This Global Show Must Go On

Here is my NYT column on globalization, excerpt:

Despite all these gains, the prevailing intellectual tendency these
days is to apologize for free trade. A common claim is that trade
liberalization should proceed only if it is accompanied by new policies
to retrain displaced workers or otherwise ameliorate the consequences
of economic volatility.

Yes, the benefits of a good safety net
are well established, but globalization is not the primary source of
trouble for most American workers. Health care problems, bad schools
for our children or, in recent times, bad banking practices have all
produced greater disruptions – and these have been fundamentally
domestic failings.

What’s really happening is that many people,
whether in the United States or abroad, are unduly suspicious about
economic relations with foreigners. These complaints stem from basic
human nature – namely, our tendency to divide people into “in groups”
and “out groups” and to elevate one and to demonize the other.
Americans fear that foreigners will rise at their expense or “control”
some aspects of the economy.

One approach is to appease these
sentiments by backing away from trade just a bit, or by managing it, so
as to limit the backlash. Giving up momentum, however, isn’t
necessarily the right way forward. If we are too apologetic about
globalization, we can feed core irrationalities, instead of taming
them. The risk is that we will frame trade as a fundamental source of
suffering and losses, which would make voters more nervous, not less.

Do read the whole thing.  A few further points of note:

1. Virtually all of the "second best worrying" about trade could be applied also — in fact more so — to technical progress.  Or to trade across the fifty states.  Yet when it comes to foreigners, the worries acquire a more dangerous credibility.  That is the real second best problem, not any theorem you might derive about trade and externalities.

2. I don’t see the evidence that marginal strengthenings of the safety net will diminish anti-foreign statements.  Yet this has become an article of faith among the globalization "middle roaders."  A crude look at the cross-sectional evidence does not indicate a clear pattern.  France and Germany have a strong safety net but they are skeptical about economic globalization; Sweden and the Netherlands are more sympathetic.  Switzerland, with a weaker safety net, is pro-globalization for the most part.  Like Will Wilkinson and unlike Bryan Caplan, I am for a safety net but often a bigger safety net makes people even more fearful of loss and change.  Note it is the Bismarckian welfare state, the world’s most advanced at the time, which turned to The Dark Side during the 1930s.  I’m hardly suggesting causality here but it didn’t halt the process either.

3. Yes I know about Denmark but job retraining programs in the U.S. hardly have a stellar record.

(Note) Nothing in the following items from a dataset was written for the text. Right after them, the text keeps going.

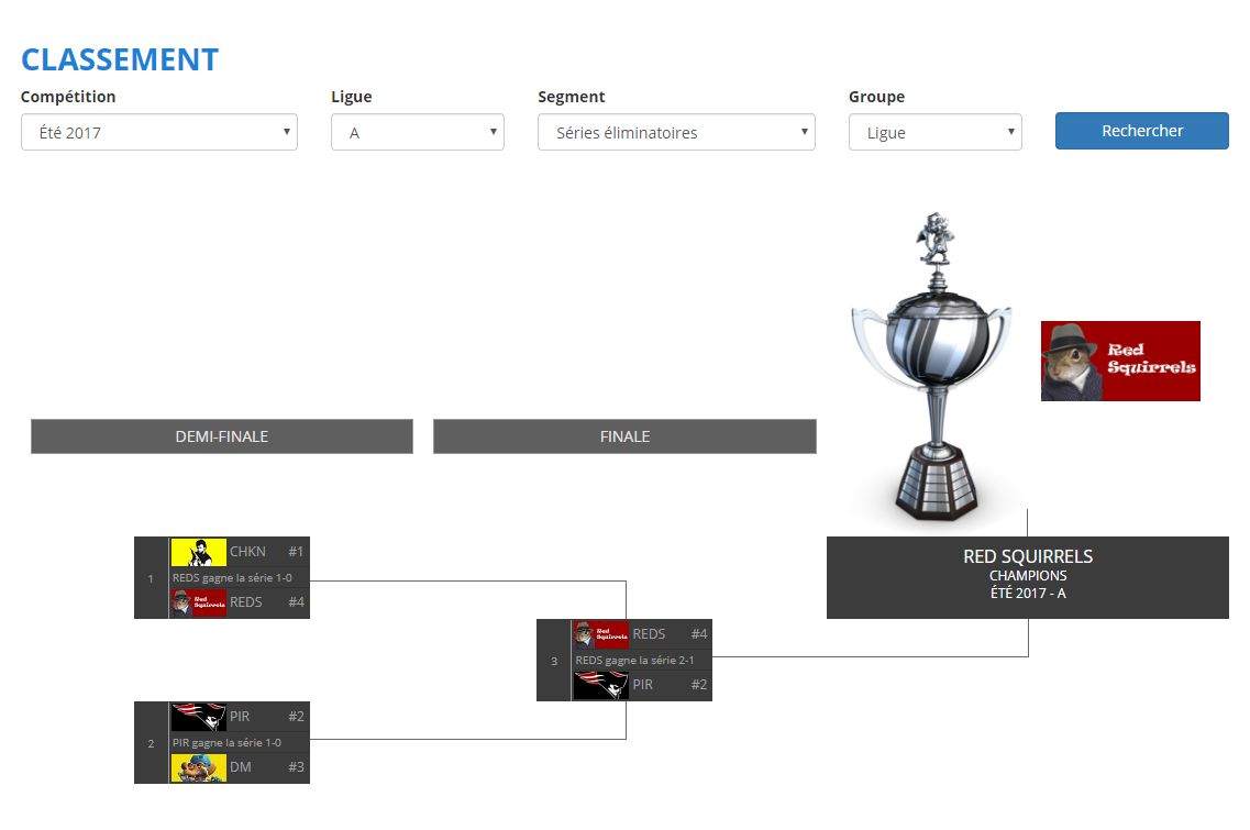 Bravo aux nouveaux champions : LES RED SQUIRRELS
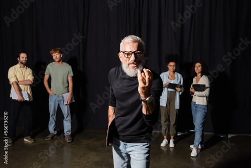 bearded art director in eyeglasses looking at camera and gesturing near multiracial students on blurred background.
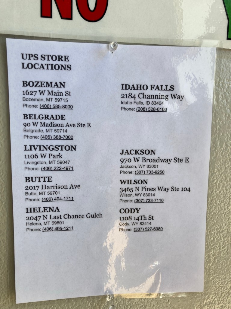 So it’s a good thing today was kind of an open day. Got laundry done. The main thing we wanted to do was to locally mail off the Covid tests that we purchased and brought from Hawaii at the UPS drop point for next-day air to meet our Covid test requirement to get back home. Problem was that they didn’t have next-day air at that West Yellowstone location for that day, Monday. That meant we had to either go up to Bozeman or down to Idaho Falls to an actual UPS store to make our deadline so that the kids wouldn’t have to quarantine for 10 days after flying back. Both were between an hour and a half to two hours away. We opted for Bozeman up north but not for any good reason. Here we dropped off our tests and looked for food.
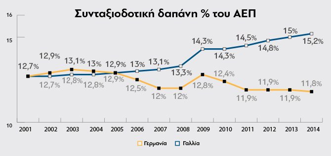 Την τετραετία 2011-2014 η συνταξιοδοτική δαπάνη της Γαλλίας (14,9%) ήταν τρεις μονάδες του ΑΕΠ υψηλότερη της Γερμανίας (11,9%). Την ίδια περίοδο η διαφορά τους στο έλλειμα εκτινάχθηκε (Γαλλία –4,5% και Γερμανία -0,2%).
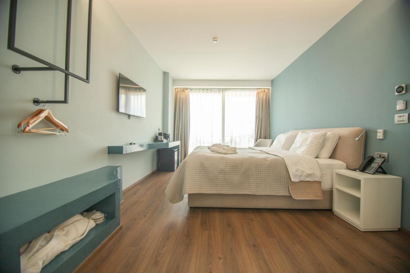 Deluxe Double Room with Balcony and Sea View. This double room features a pool with a view. The spacious double room features air conditioning, soundproof walls, a balcony with sea views as well as a private bathroom boasting a shower. The unit has 1 bed. ;
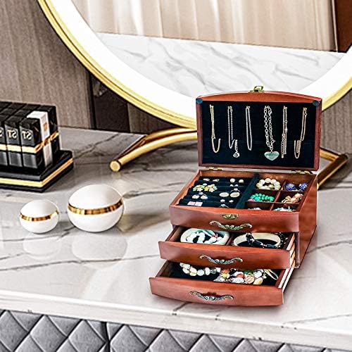 Retro Design: The jewelry box is designed with a retro element. The classic and elegant color and exquisite detail design accentuates the retro appeal. It can be used not only for storing accessories but also for home decoration
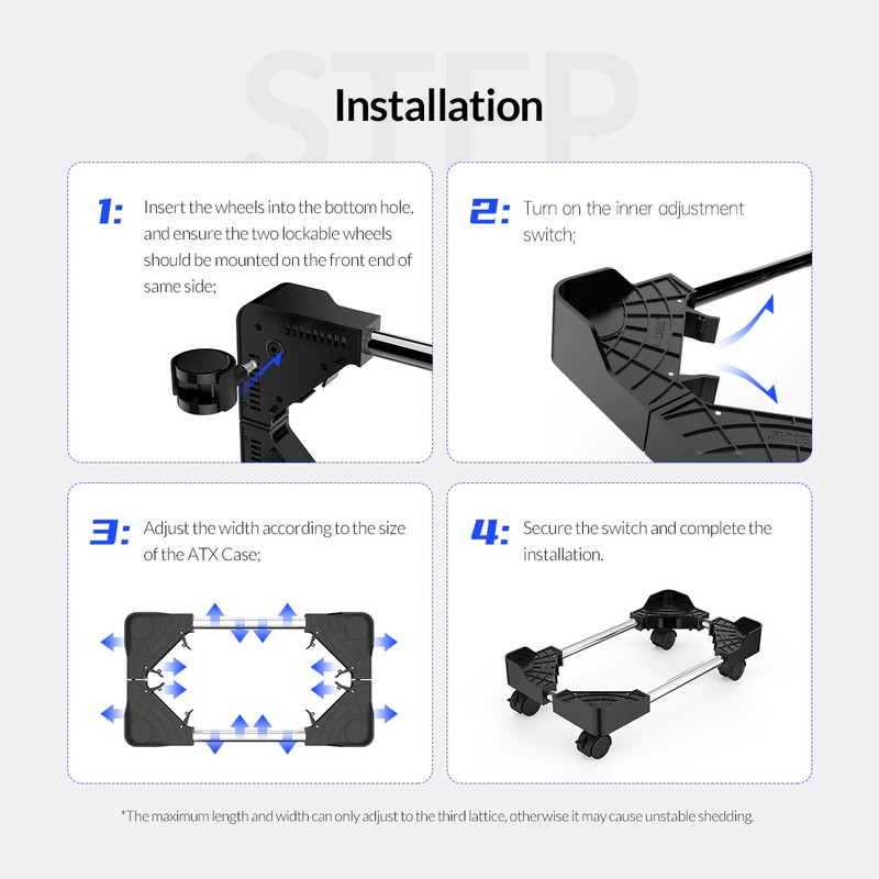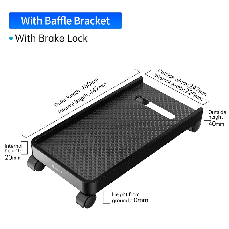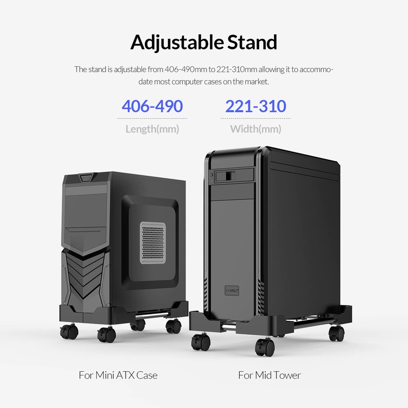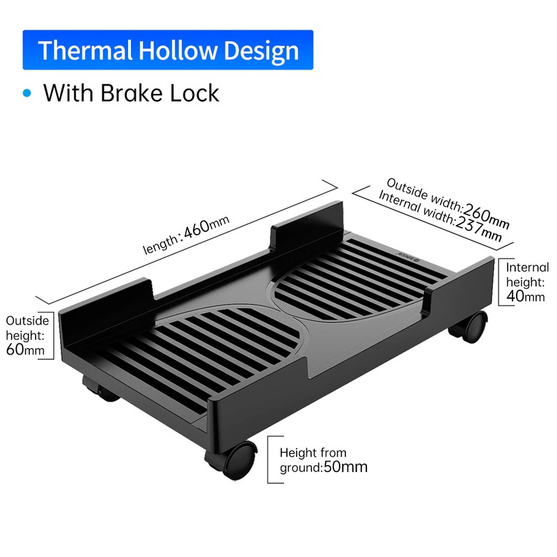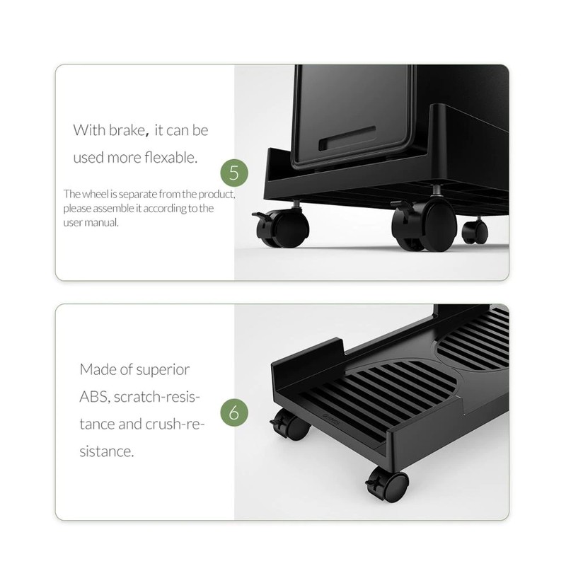 Ce support PC vous permet de soulever et de ventiler correctement votre tour d'ordinateur, pour garder la poussière et l'humidité du sol et protéger l'ordinateur et le support lui-même. Pendant ce temps, ce support dispose de quatre roulettes omnidirectionnelles pour un mouvement fluide et un placement pratique.
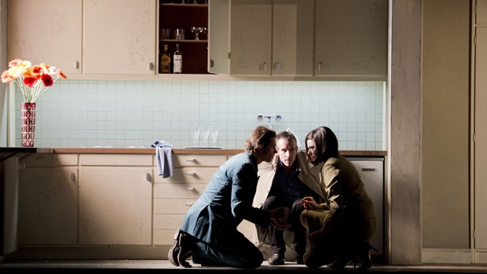 Главную роль в сценографии спектакля (Кристиан Шмидт) играет вращающаяся сцена с обычной городской среднестатистической квартирой, в которой «течет» жизнь, сцена в гостиной «переходит» в спальню, на кухню, в туалет и т. д.
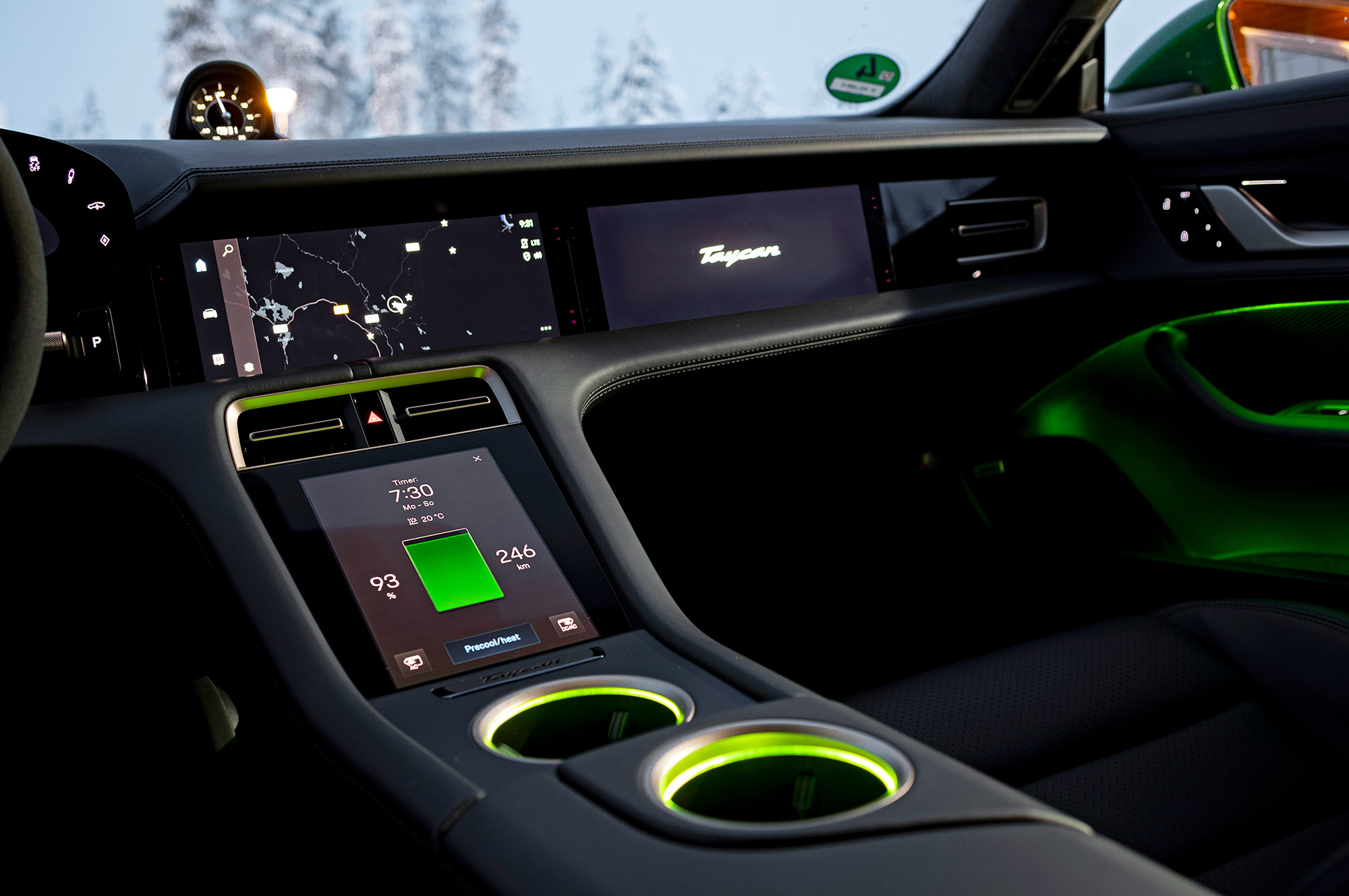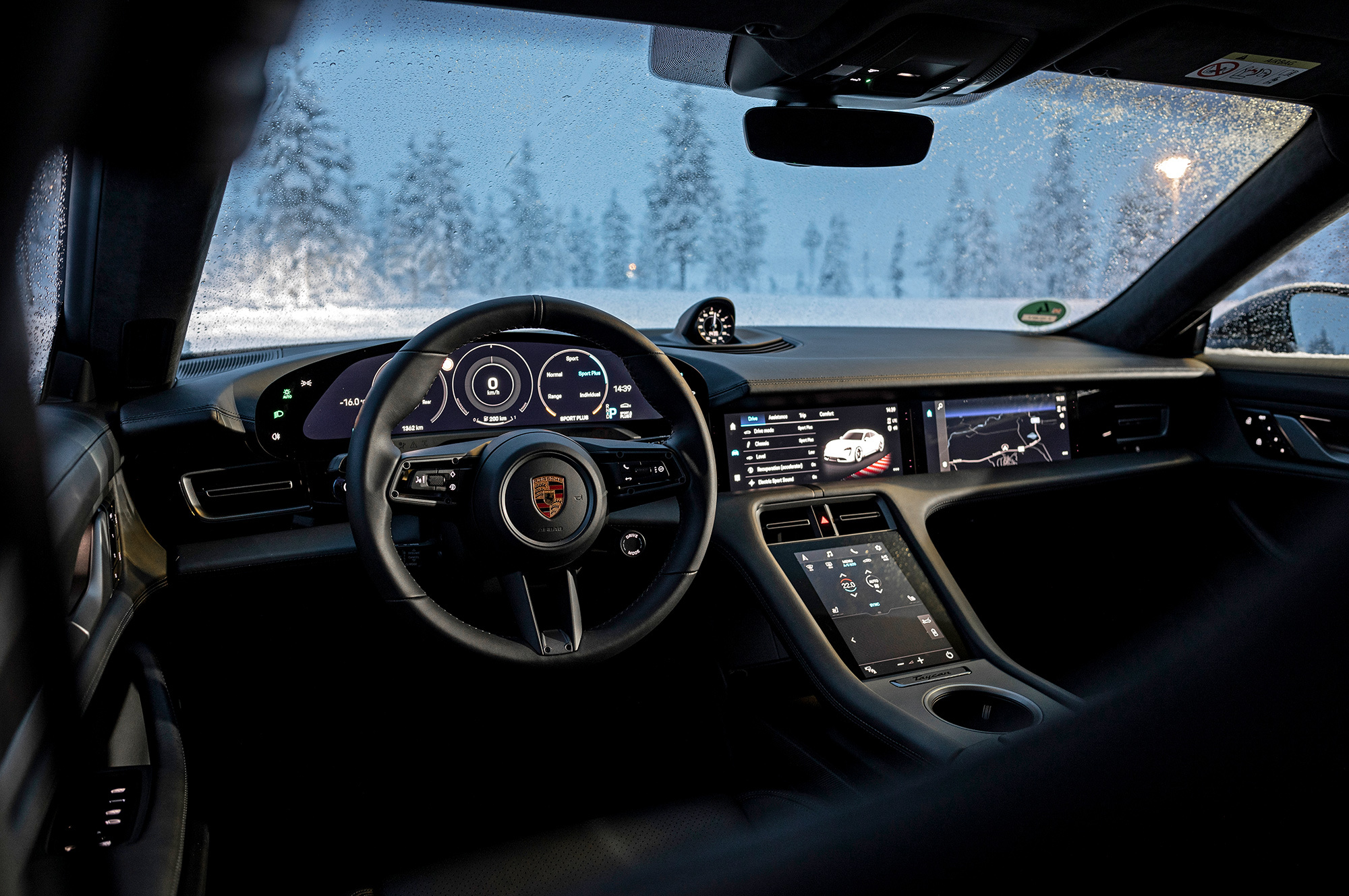 Изложенное ниже ― скорее продолжение рассказа Михаила Петровского о том, как едет электрический Porsche Taycan, чем самостоятельный материал. Слишком специфичны условия зимней Лапландии, где дороги бывают двух видов: чистый лёд и чистый снег, а максимальное значение скорости на дорожных знаках ― 80 км/ч. Представленный на тест Taycan 4S был оснащён такой же 800-вольтовой батареей на 93 кВт•ч, что и испытанные шефом Turbo и Turbo S, ― но здесь это опция относительно базовых 79,2 кВт•ч. К утру обещают до минус десяти. Холод не экстремальный, но для чистоты эксперимента прошу оставить нашу машину у гостиницы неподключённой к зарядке: пусть промёрзнет.
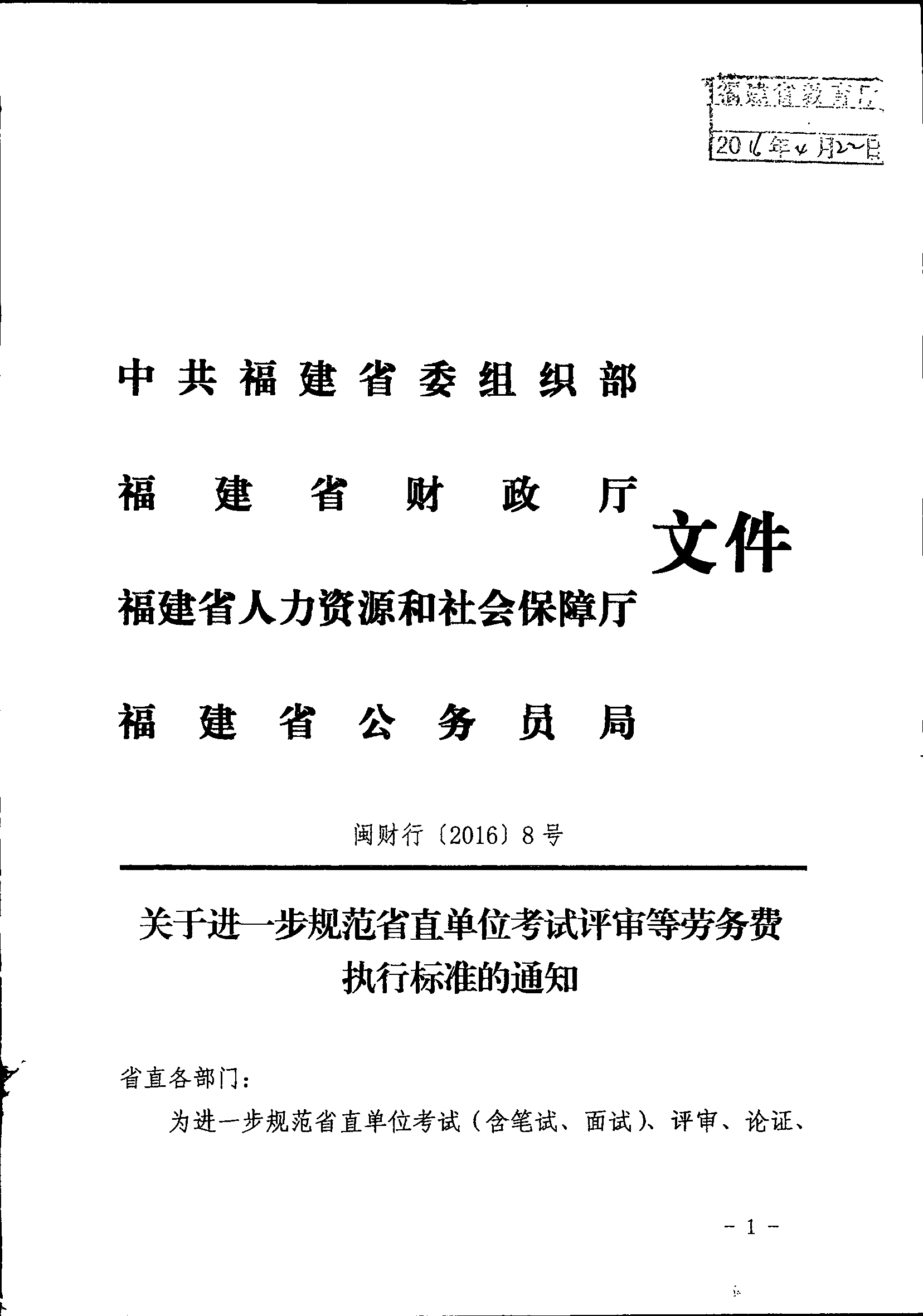 闽财行【2016】8号评审劳务标准
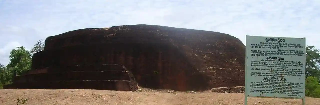 Dakkhina Stupa (, ) is a 2nd-century BC large brick Stupa in Anuradhapura, Sri Lanka. Earlier thought to be a monument of King Elara,Dr.James Rutnam, 1981, The Tomb of Elara at Anuradhapura https://noolaham.org/wiki/index.php/The_Tomb_of_Elara_at_Anuradhapura?uselang=en it was later identified as the Stupa of ancient Dakini (Dakkhina) Vihara by Senarath Paranavithana with the help of a Brahmi inscription of the 3rd century A.D. unearthed from the ground between the southern and western Vahalkadas of the Stupa.Dakkhina Stupa by Lanka Pradeepa, 12 December 2020, retrieved 12 March 2022 Read more on Wikipedia
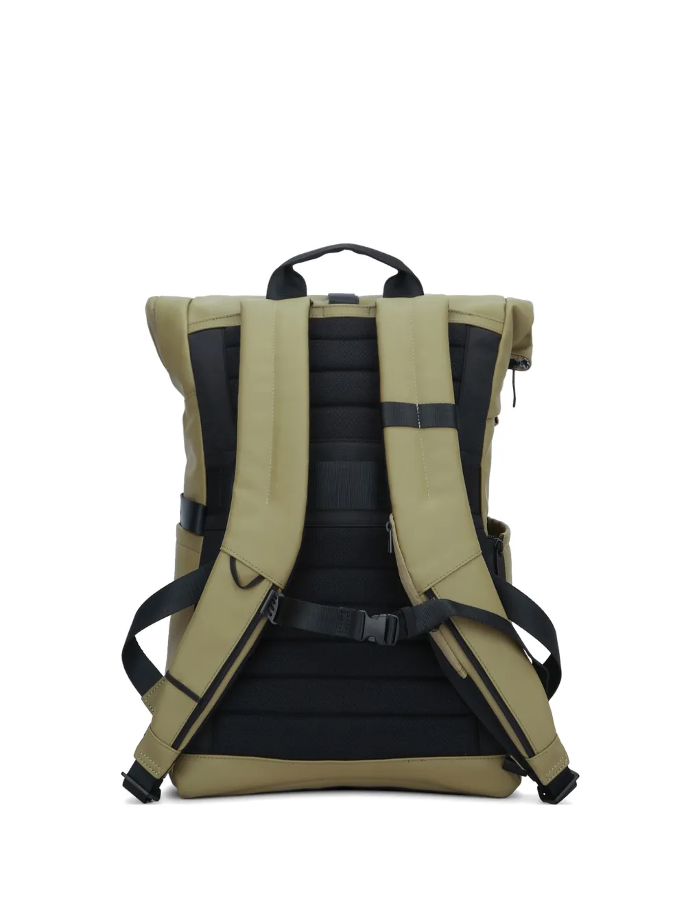 olive green roll-top fastening buckle-fastening strap front zip-fastening pocket single top handle adjustable shoulder straps logo lettering to the front mesh back panel
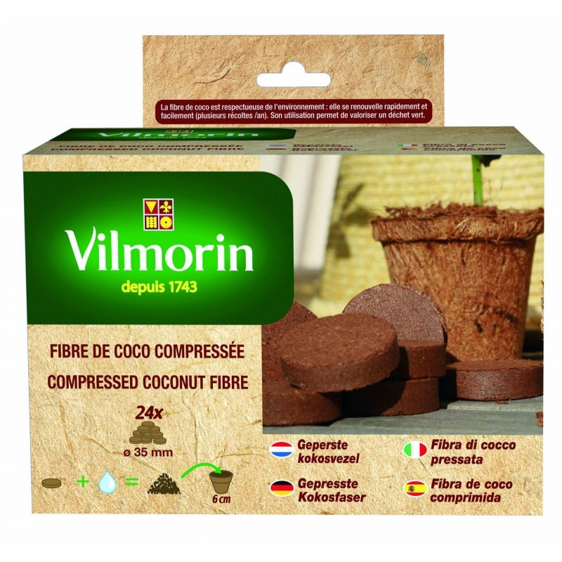 VILMORIN 100% BIODÉGRADABLE-FIBRE DE COCO COMPRESSÉE Pastilles Ø35MM X24
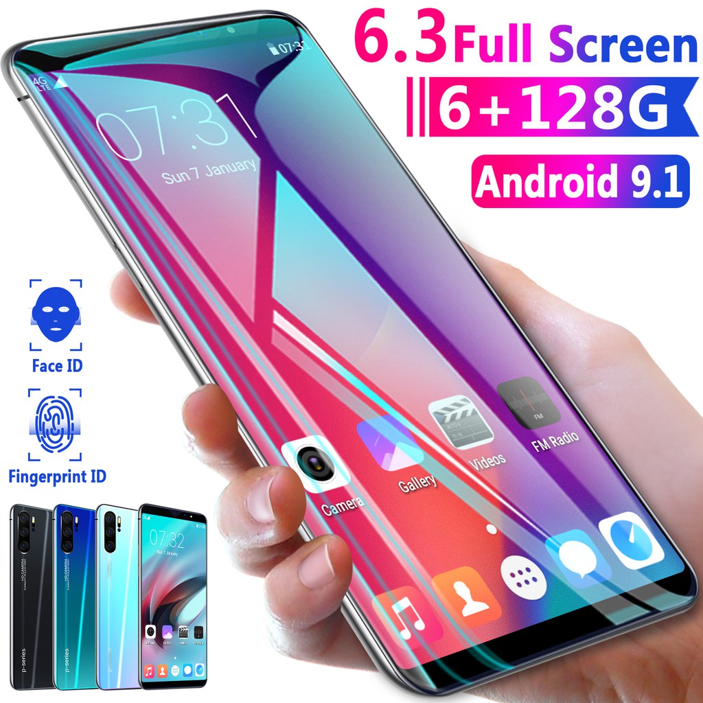P31 Pro Android 9 1 6g 128g Full Screen Ultra Thin Smart 4g Mobile 6 3 Inch Phone Smartphone Face Fingerprint Unlock Cellphone 8
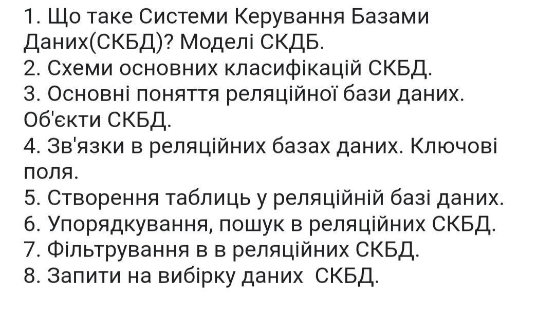 - Залежність від типу даних: Не кожен тип СКБД підходить для роботи з всіма типами даних.

4. When it comes to improving the quality of economic adjustment, the overwhelming priority should be to delink health insurance from having a job.  I doubt if that will decrease skepticism about foreigners, however.

5. Most of the world’s wealthy economies are, if only because they are smaller and less diversified in terms of resources, more open than is the United States.  They do just fine and by no means do they all spend more on social welfare than does the United States.

6. Cite Samuelson and Stolper all you want, here is yet another paper showing that outsourcing has not been placing significant downward pressure on American wages.

7. China is now the world’s leading supplier of photovoltaic cells. 

But it is really the first point that is the key.

Addendum: Brad DeLong comments extensively.